Il ne suffisait pas qu’on décrive, encore fallait-il que la pratique fut esthétique, et de vrais artistes se sont exprimés sur ce matériau vivant.

Les critères de la beauté diffèrent terriblement en fonction du lieu où l’on se trouve et si pour les pères blancs, ces cicatrices pouvaient paraître barbares et inhumaines, elles n’en étaient pas moins pour les « indigènes » une part intégrante de leur culture et de leur historique. Les pudiques vêtements qu’ils imposèrent et la pudibonderie qui vint en corollaire fit que les tatouages corporels perdirent à la fois leur sens identitaire et leur intérêt esthétique puisque cachés. (Quoi que, j’ignore ce qui est sous les chemises et chemisiers.)
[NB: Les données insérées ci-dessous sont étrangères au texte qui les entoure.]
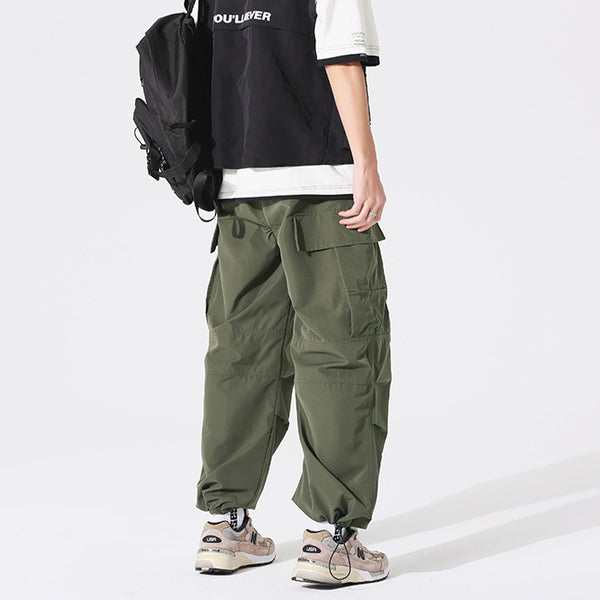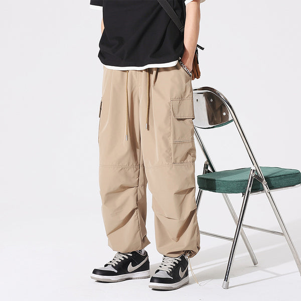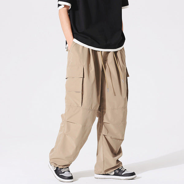 PLEATED KNEES LOOSE STRAIGHT TROUSERS

Femme Mayumbe préparant l'huile de palme

Yombe

Toujours chez les yombe (cliché daté de 1902)

Toujours chez les yombe (cliché daté de 1902)

Il leur resta cependant leurs fonctions mystique et médicinale, ce qui en pays du Mayombe ne se différencie guère. Elles perdurent aujourd’hui dans la discrétion.

Mon ex-épouse Ndassa avait des problèmes de conception. Elle avait consulté sans succès sur Pointe-Noire. Son père, infirmier de formation et surveillant général de l’hôpital général de Dolisie, lui suggéra l’accompagner chez un nganga (sorcier, tradipraticien) réputé à Dimonika. Lorsqu’elle revint, deux ou trois semaines plus tard, je fus surpris de la trouver ceinte de différents fils liés autour de la taille ou des bras, mais aussi portant deux petites incisions en relief au niveau des vertèbres lombaires. ça n’a pas, non plus, amélioré sa fertilité… Mais c’est dire qu’aujourd’hui, la pratique des scarifications perdure même auprès de jeunes gens citadins.

Les pays yombe et vili sont mitoyens, mais on peut constater sur cette jeune fille loango que le travail de tatouage sur son ventre, est bien différent. (Origine du cliché G. Nguila)

Les pays yombe et vili sont mitoyens, mais on peut constater sur cette jeune fille loango que le travail de tatouage sur son ventre, est bien différent. (Origine du cliché G. Nguila)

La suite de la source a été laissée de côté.